Parecían que no arrancaban y llegaron a levantar críticas incluso entre los más fieles a la marca. Los Apple Watch, denostados habitualmente, son considerados un producto de segunda dentro de la familia de la manzana pero ya amenazan incluso al flamante iPad en cuanto a capacidad para producir ingresos para las profundas arcas de Cupertino.

En el último trimestre del año 2016, que corresponde al primero del ejercicio fiscal 2017, Apple vendió seis millones de su smartwatch y consiguió un dominio total del mercado gracias a una cuota del 80%. Ocho de cada 10 relojes inteligentes vendidos en el mundo eran un Apple Watch durante ese periodo.

Así lo demuestra un informe elaborado por Canalys, una firma de estudios de mercado con sede en Singapur. Sólo en esos tres meses, el Apple Watch generó un volumen de 2.600 millones de dólares, 2.440 millones de euros, y aumentó sus cifras de ventas un 12% en términos interanuales.

Jason Low, analista de Canalys, atribuye este repunte en el consumo a “la mejora de hardware y software” de la segunda generación del dispositivo, que se presentó el pasado 7 de septiembre. Low también señala a la “mejora en el precio” y al cambio de foco, dejando un poco de lado las funcionalidades relacionadas con el deporte.

De esta manera, Apple vendió en todo el año 2016 hasta 11,9 millones de Apple Watch, alcanzando una cuota de mercado del 49%. El siguiente competidor dentro del sector es Fitbit, enfocado totalmente en los wearable deportivos, que tuvo un 17% y Samsung, que apenas alcanzó un 15%. El resto de marcas de la industria se combinan para completar el 19% restante.

De momento Apple todavía no facilita datos concretos del smartwatch. En sus informes trimestrales incluye sus ventas en el apartado otros, reservando el detalle más concreto para los iPhone, los iPad y los Mac.

Más protagonismo

Dentro de ese cajón de sastre de otros productos se encuentran los propios relojes, los otrora populares iPod, la división de auriculares Beats y los accesorios con licencia. Toda esta división alcanzó un nivel de ventas de 4.024 millones de dólares, más de 3.700 millones de euros, prácticamente doblando los resultados del trimestre anterior. De ese total, un 64% de los ingresos son responsabilidad directa del Apple Watch.

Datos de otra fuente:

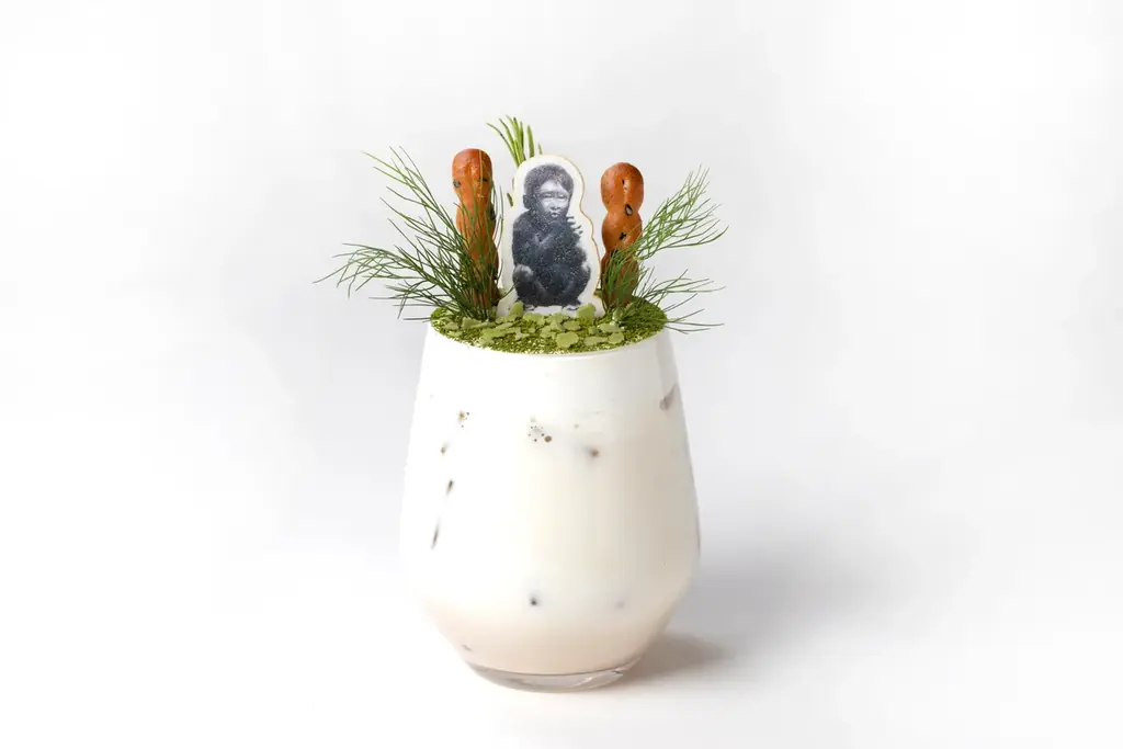 今回のためだけに特別に制作された子ゴリラの乗ったドリンク。ゴリラにちなんだ味わいで、見た目のフォルム(つぶらな瞳のモチーフ)にも注目。 - 浜田画伯のSラテ(通期):1,020円

Ese porcentaje corresponde a los casi 2.500 millones de euros que generaron las ventas del reloj con la manzanita tras apenas dos generaciones de desarrollo. Por comparar, el iPad aportó a las cuentas de la compañía 5.533 millones de dólares, casi 5.200 millones de euros, en los tres primeros meses del ejercicio fiscal 2017.

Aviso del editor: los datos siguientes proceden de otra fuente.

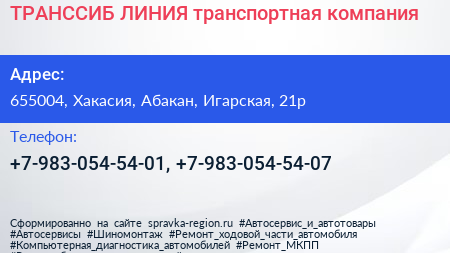 ТРАНССИБ ЛИНИЯ, транспортная компания по адресу 655004, Хакасия, Абакан, Игарская, 21р в дальнейшем Организация, размещена в следующих категориях: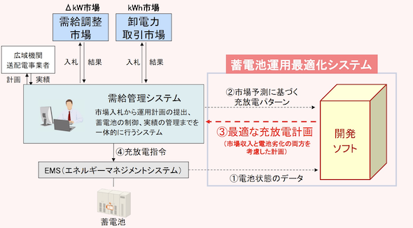 今回、こうした両社の技術や知見を活用し、旭化成の蓄電池劣化診断ソフトウェアをベースに、蓄電池の充放電計画を立案するソフトウェアを新たに共同開発する。また、下松蓄電所などで実証試験を行うことで、システムの商用化を目指す方針だ。
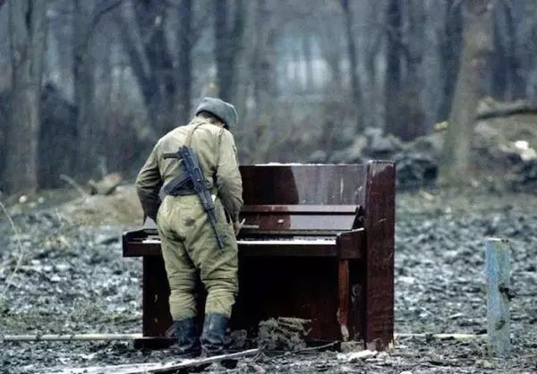 现实版的《钢琴师》。1994年的车臣战争中,一名俄罗斯士兵在弹奏废墟之中的钢琴。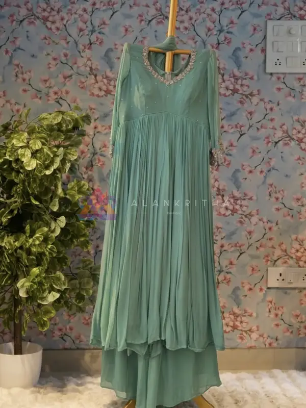 Color: Pastel Green • Style: Aliacut Top with Dupatta • Neckline: V-neck with hand embroidery • Sleeves: Embroidered sleeve ends • Work: Pure hand embroidery • Fit: Comfortable and flowy silhouette Perfect for those who love minimal elegance with handcrafted detailing.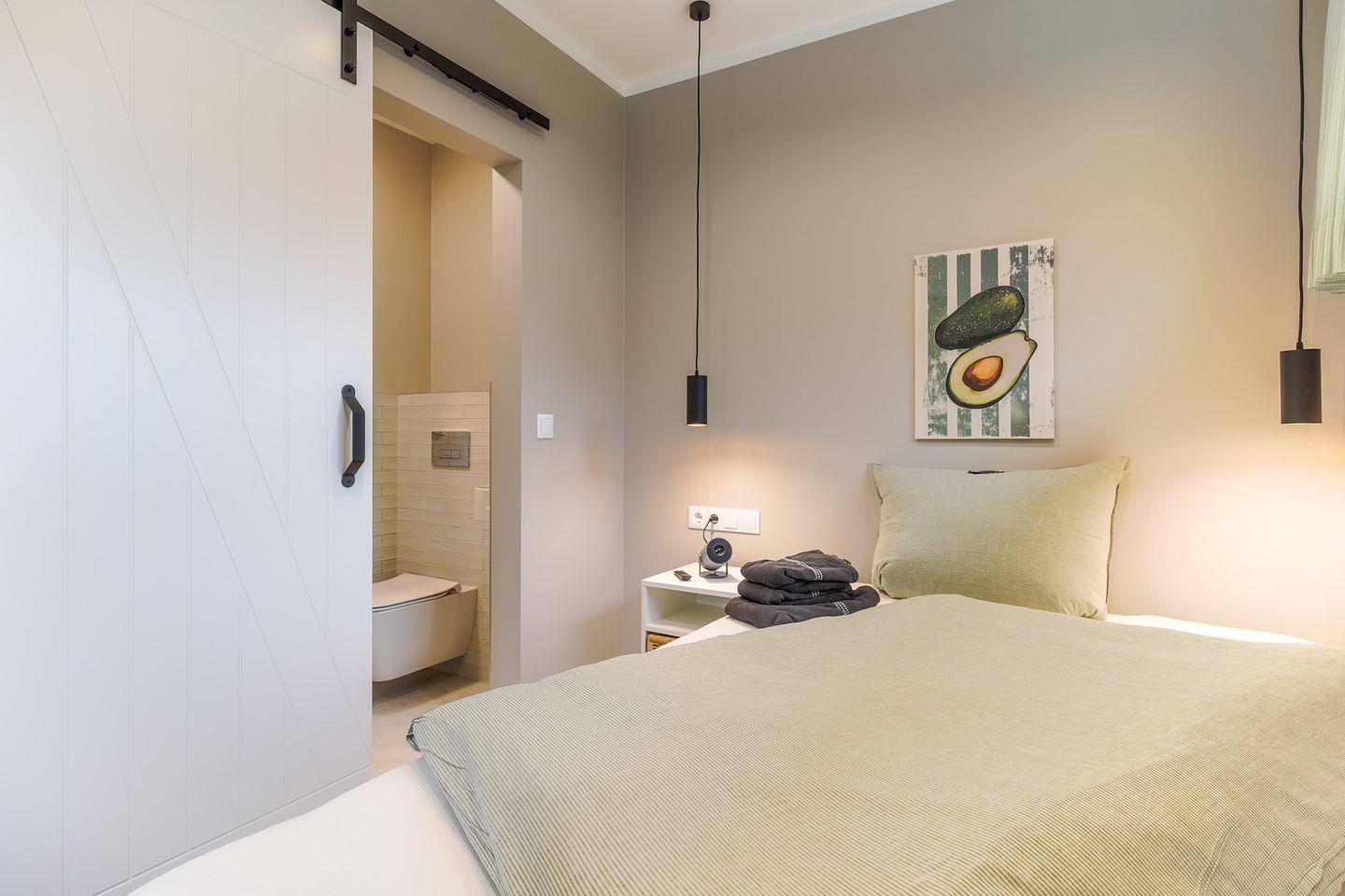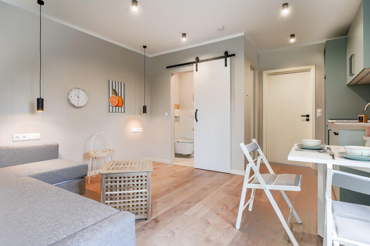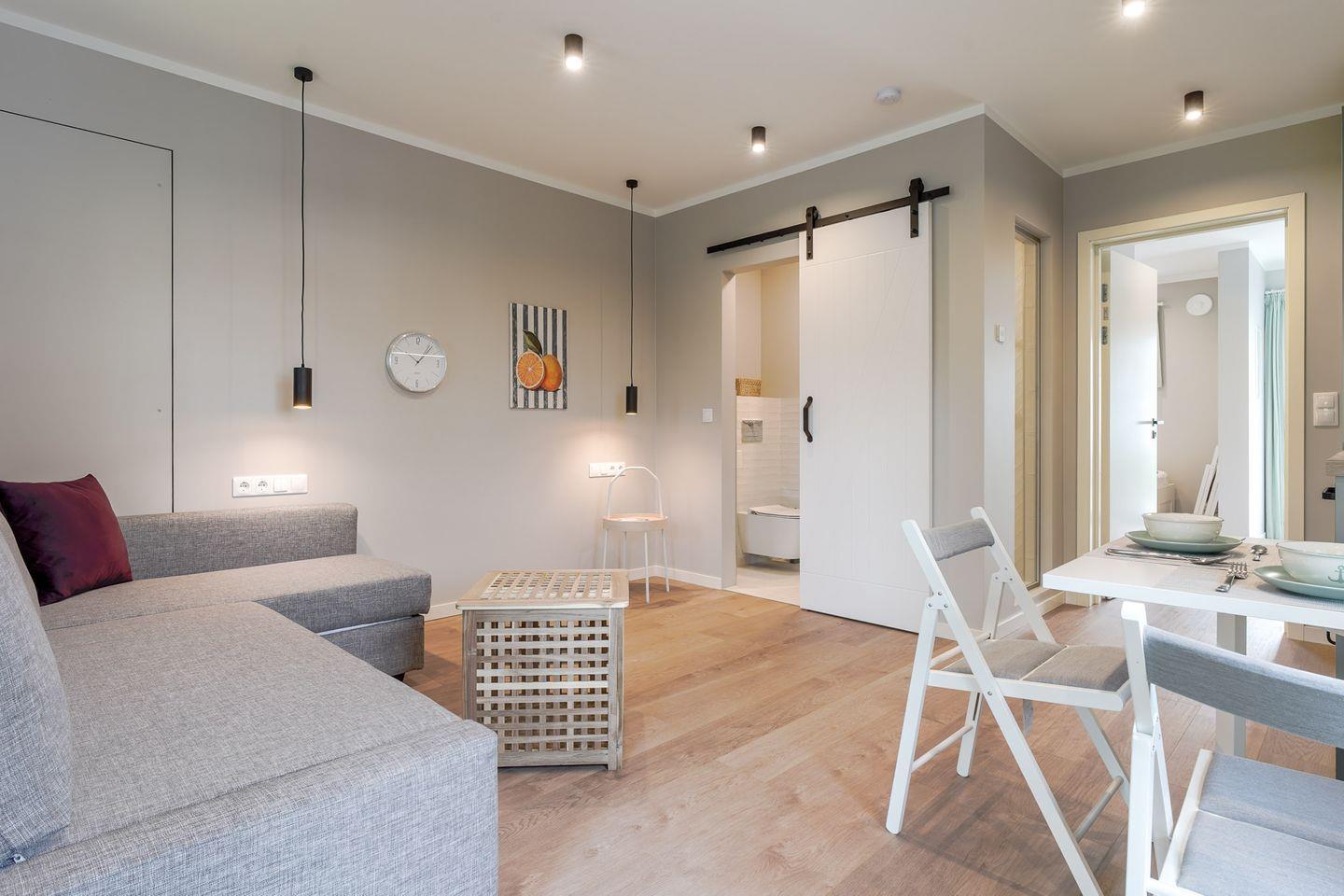 Die größere Einheit verfügt zusätzlich über ein gemütliches Sofa, das zum Entspannen einlädt und den Wohnbereich zu einem komfortablen Treffpunkt macht. Zwei moderne Bäder sowie zwei voll ausgestattete Küchenzeilen sorgen für maximale Flexibilität und Komfort.

Es cierto que las cifras aún están lejos, pero también hay que tener en cuenta que el Apple Watch es un recién llegado mientras que el iPad lleva más de seis años en el mercado y ha pasado por varias evoluciones y mejoras.

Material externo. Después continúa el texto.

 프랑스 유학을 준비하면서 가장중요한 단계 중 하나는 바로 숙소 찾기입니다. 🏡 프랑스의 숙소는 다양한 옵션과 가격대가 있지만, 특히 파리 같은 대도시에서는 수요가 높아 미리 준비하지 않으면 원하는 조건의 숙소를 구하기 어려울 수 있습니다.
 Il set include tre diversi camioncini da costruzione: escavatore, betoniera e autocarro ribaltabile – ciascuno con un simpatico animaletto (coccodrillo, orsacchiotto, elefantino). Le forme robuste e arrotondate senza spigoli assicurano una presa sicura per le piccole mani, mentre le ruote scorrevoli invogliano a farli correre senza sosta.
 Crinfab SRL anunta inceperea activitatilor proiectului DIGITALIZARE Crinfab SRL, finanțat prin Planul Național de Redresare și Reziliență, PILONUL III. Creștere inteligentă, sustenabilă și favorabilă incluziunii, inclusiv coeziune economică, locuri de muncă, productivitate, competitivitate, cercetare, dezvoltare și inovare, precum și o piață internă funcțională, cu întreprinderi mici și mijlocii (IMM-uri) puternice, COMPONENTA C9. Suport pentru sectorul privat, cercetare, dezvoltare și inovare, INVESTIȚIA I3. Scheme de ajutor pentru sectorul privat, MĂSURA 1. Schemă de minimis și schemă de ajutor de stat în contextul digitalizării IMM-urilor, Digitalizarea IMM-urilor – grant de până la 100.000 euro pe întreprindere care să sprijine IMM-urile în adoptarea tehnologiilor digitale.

Actualmente la tableta de Apple más económica es el iPad Mini 2 que, en su versión menos potente, vale 289 euros. En el siguiente escalón está la cuarta generación del iPad Mini que, con 128GB de capacidad, cuesta 539 euros. El iPad Air con esa misma capacidad sale por 539 euros, mientras que la versión Pro de 12,8 pulgadas cuesta 899 euros. El Apple Watch más barato se puede conseguir por apenas 339 euros.

Por compararlo, quizás sería más justo acudir al número de unidades vendidas. En este campo las cifras andan en una proporción bastante similar, ya que en el primer trimestre de su ejercicio fiscal 2017 Apple vendió seis millones de relojes y 13,08 millones de tabletas en todo el mundo.

En cualquier caso, el Apple Watch está demostrando ser un nuevo éxito que está dejando sin demasiados argumentos a los críticos y a los escépticos. Es cierto que los wearable aún no han alcanzado la popularidad que prometían, pero no se puede negar que Apple ha vuelto a conseguir crear un producto que domina con puño de hierro su sector.